[Data records]

________________________

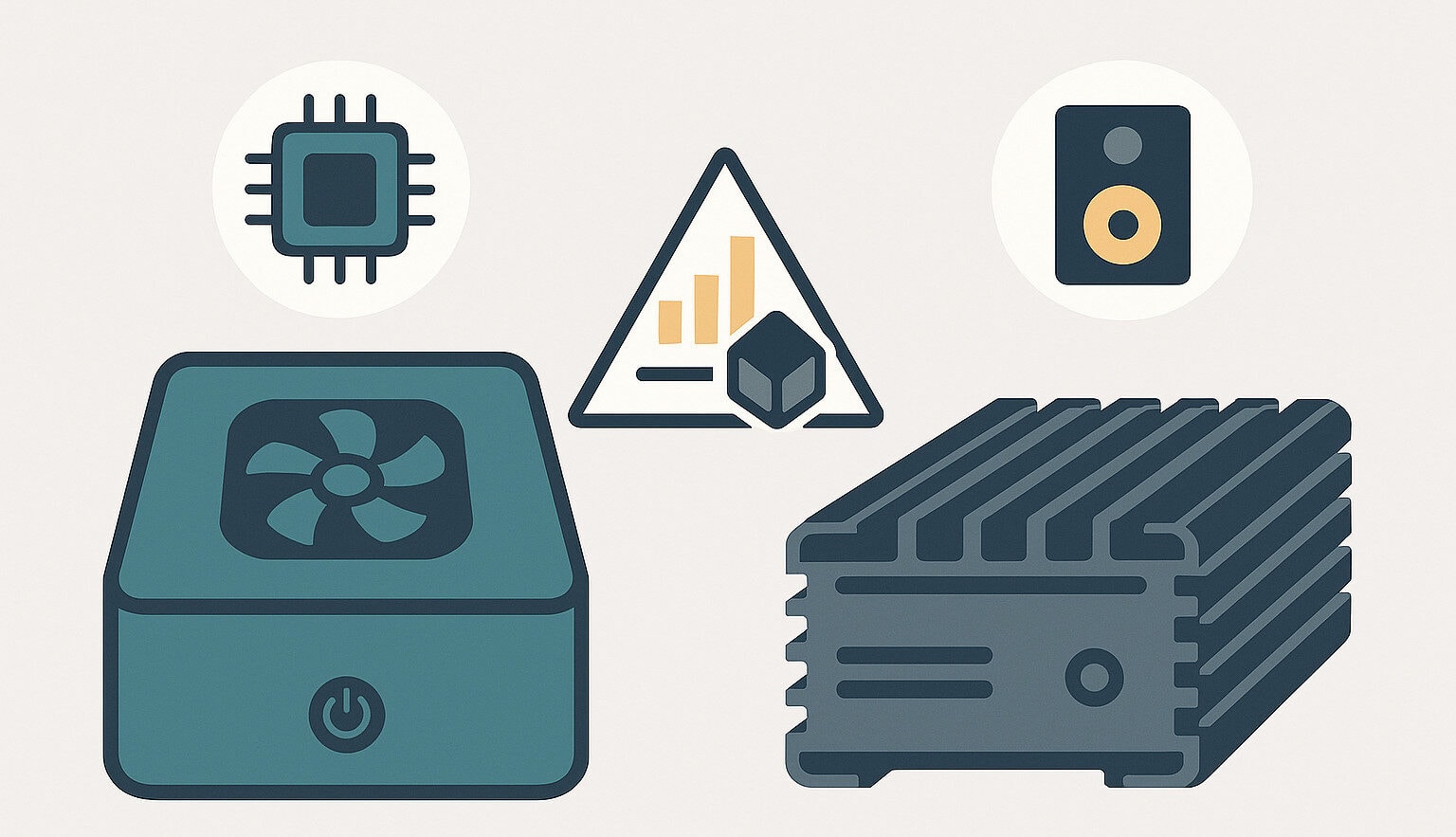 Bij het ontwerpen van een mini-pc speelt een klassiek compromis: prestaties, geluidsniveau en formaat vormen een driehoek waarvan zelden alle zijden tegelijk te optimaliseren zijn. In de praktijk is dat vaak geen probleem: waar veel rekenkracht nodig is, hoeft absolute stilte meestal niet — en omgekeerd. Alleen in toepassingen waar beide eisen samenkomen, zoals bij audio-opnamen of mastering, kan gespecialiseerde hardware nodig zijn.
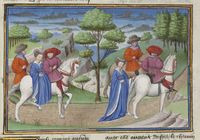 Parigi, Bibliothèque de l'Arsenal, 5070, f. 222r. Il copista del manoscritto è Guillebert de Mets. Madonna Oretta accetta il passaggio e la compagnia di un cavaliere; annoiata dall'uomo, Oretta scende dal cavallo.
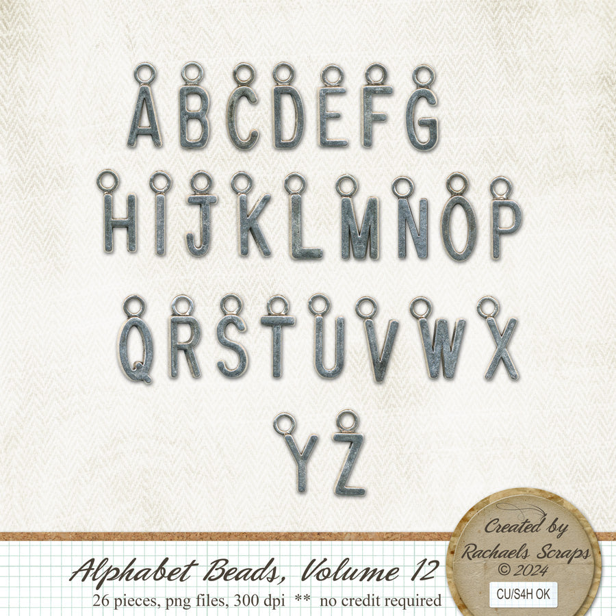This set contains 26 digital images of metal alphabet charms.
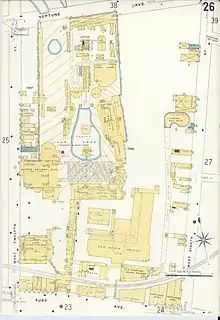 Thompson and Dundy agreed to take over the site of Paul Boyton's 16-acre (6.5 ha) Sea Lion Park in August 1902.[12][13] As part of the deal, they leased some land from Frederick Kister, and they also leased a strip of land on West 12th Street for 25 years.[14] Sea Lion Park had several centerpiece rides, but low attendance during the 1902 season and competition with Steeplechase Park had prompted Boyton to leave the amusement park business.[9] Thompson and Dundy also leased the adjacent site of the Elephantine Colossus Hotel,[9] which had burned down in 1896.[15] This gave them 22 acres (8.9 ha), all the land north of Surf Avenue and south of Neptune Avenue, between West 8th and West 12th Streets.[16]
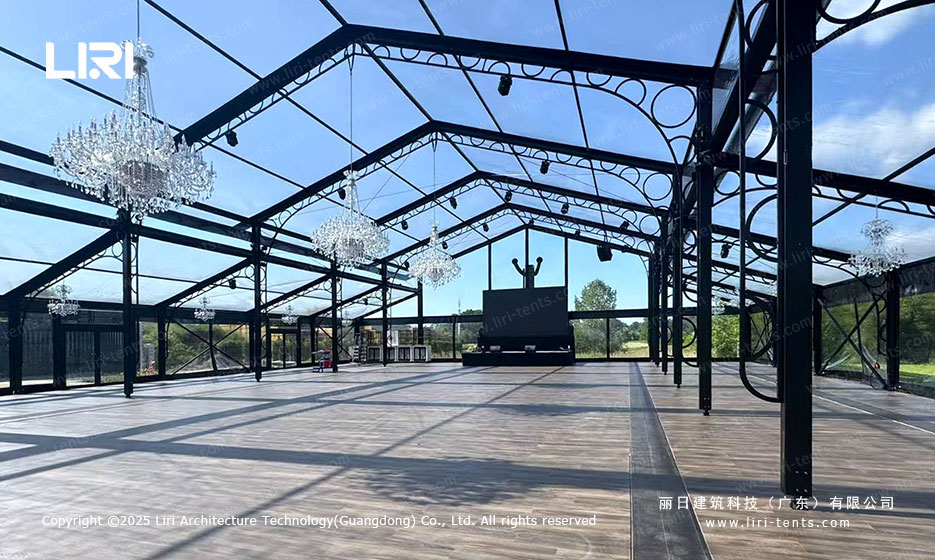 此外,黑色橘园篷房支持重复拆装,并可根据婚礼规模进行定制。多种铁艺门窗样式可自由搭配,充分满足不同婚礼规模和多样化的民族风格需求。

________________________

Task directions: Return all of the lines above without alteration, minus the pictures.

Response to this task:
 Bij het ontwerpen van een mini-pc speelt een klassiek compromis: prestaties, geluidsniveau en formaat vormen een driehoek waarvan zelden alle zijden tegelijk te optimaliseren zijn. In de praktijk is dat vaak geen probleem: waar veel rekenkracht nodig is, hoeft absolute stilte meestal niet — en omgekeerd. Alleen in toepassingen waar beide eisen samenkomen, zoals bij audio-opnamen of mastering, kan gespecialiseerde hardware nodig zijn.
 Parigi, Bibliothèque de l'Arsenal, 5070, f. 222r. Il copista del manoscritto è Guillebert de Mets. Madonna Oretta accetta il passaggio e la compagnia di un cavaliere; annoiata dall'uomo, Oretta scende dal cavallo.
This set contains 26 digital images of metal alphabet charms.
 Thompson and Dundy agreed to take over the site of Paul Boyton's 16-acre (6.5 ha) Sea Lion Park in August 1902.[12][13] As part of the deal, they leased some land from Frederick Kister, and they also leased a strip of land on West 12th Street for 25 years.[14] Sea Lion Park had several centerpiece rides, but low attendance during the 1902 season and competition with Steeplechase Park had prompted Boyton to leave the amusement park business.[9] Thompson and Dundy also leased the adjacent site of the Elephantine Colossus Hotel,[9] which had burned down in 1896.[15] This gave them 22 acres (8.9 ha), all the land north of Surf Avenue and south of Neptune Avenue, between West 8th and West 12th Streets.[16]
 此外,黑色橘园篷房支持重复拆装,并可根据婚礼规模进行定制。多种铁艺门窗样式可自由搭配,充分满足不同婚礼规模和多样化的民族风格需求。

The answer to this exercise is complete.